EID and fake rate

Electrons are identified by using the following discriminants:

• the ratio of energy deposited in ECL and charged track momentum measured by CDC,
• transverse shower shape at ECL,
• the matching between a cluster at ECL and charged track position extrapolated to ECL,
• $dE/dx$ measured by CDC,
• light yield in ACC, and
• time of flight measured by TOF.

We made probability density functions (PDF) for the discriminants beforehand. Based on each PDF, likelihood probabilities are calculated with track-by-track basis, and unified into a final likelihood output. This likelihood calculation is carried out taking into account the momentum and angular dependence. Fig.  shows the output from the above procedure. Closer to unity the particle is more likely to be an electron. The solid (dashed) histogram shows for $e^{\pm}$ in $e^{+}e^{-} \rightarrow e^{+}e^{-}e^{+}e^{-}$ data ($\pi^{\pm}$ in $K_{S} \rightarrow \pi^{+}\pi^{-}$ decays in data). The clear separation can be seen.

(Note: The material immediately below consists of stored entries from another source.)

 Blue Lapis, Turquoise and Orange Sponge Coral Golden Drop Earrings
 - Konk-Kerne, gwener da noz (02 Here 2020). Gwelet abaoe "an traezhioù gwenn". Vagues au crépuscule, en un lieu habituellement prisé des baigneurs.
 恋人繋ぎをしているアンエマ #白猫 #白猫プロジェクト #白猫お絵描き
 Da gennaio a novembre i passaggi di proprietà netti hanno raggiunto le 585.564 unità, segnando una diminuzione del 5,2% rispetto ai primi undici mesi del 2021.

Figure: The distribution of final unified discriminant to identify electrons. The solid histogram is for electrons in $e^{+}e^{-} \rightarrow e^{+}e^{-}e^{+}e^{-}$ events and the dashed one for charged pions.

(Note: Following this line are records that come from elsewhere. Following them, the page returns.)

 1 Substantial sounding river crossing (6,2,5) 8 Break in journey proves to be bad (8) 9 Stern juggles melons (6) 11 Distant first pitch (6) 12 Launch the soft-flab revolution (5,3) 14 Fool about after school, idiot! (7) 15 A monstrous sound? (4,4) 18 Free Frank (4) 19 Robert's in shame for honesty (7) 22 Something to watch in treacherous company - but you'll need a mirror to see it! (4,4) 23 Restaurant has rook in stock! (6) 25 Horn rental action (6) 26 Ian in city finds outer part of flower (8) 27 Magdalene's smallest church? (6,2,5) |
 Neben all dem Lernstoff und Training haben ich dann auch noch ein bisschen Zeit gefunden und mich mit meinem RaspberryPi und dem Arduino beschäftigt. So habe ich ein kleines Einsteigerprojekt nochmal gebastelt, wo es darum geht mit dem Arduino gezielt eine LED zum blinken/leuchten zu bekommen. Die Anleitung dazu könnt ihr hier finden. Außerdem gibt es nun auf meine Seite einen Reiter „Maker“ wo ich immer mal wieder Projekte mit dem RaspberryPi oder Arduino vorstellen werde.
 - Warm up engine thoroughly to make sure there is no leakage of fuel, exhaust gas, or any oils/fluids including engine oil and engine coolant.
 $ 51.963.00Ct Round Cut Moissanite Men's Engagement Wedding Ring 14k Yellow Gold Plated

Figure: Electron identification efficiency (circles) and fake rate for charged pions (squares). Note the different scales for the efficiency and fake rate.

The efficiency and fake rate are displayed in Fig.  using electrons in real $e^{+}e^{-} \rightarrow e^{+}e^{-}e^{+}e^{-}$ events for the efficiency measurement, and $K_{S} \rightarrow \pi^{+}\pi^{-}$ decays in real data for the fake rate evaluation. For momentum greater than 1 GeV/$c$, the electron identification efficiency is maintained to be above 90% while the fake rate to be around 0.2 to 0.3%.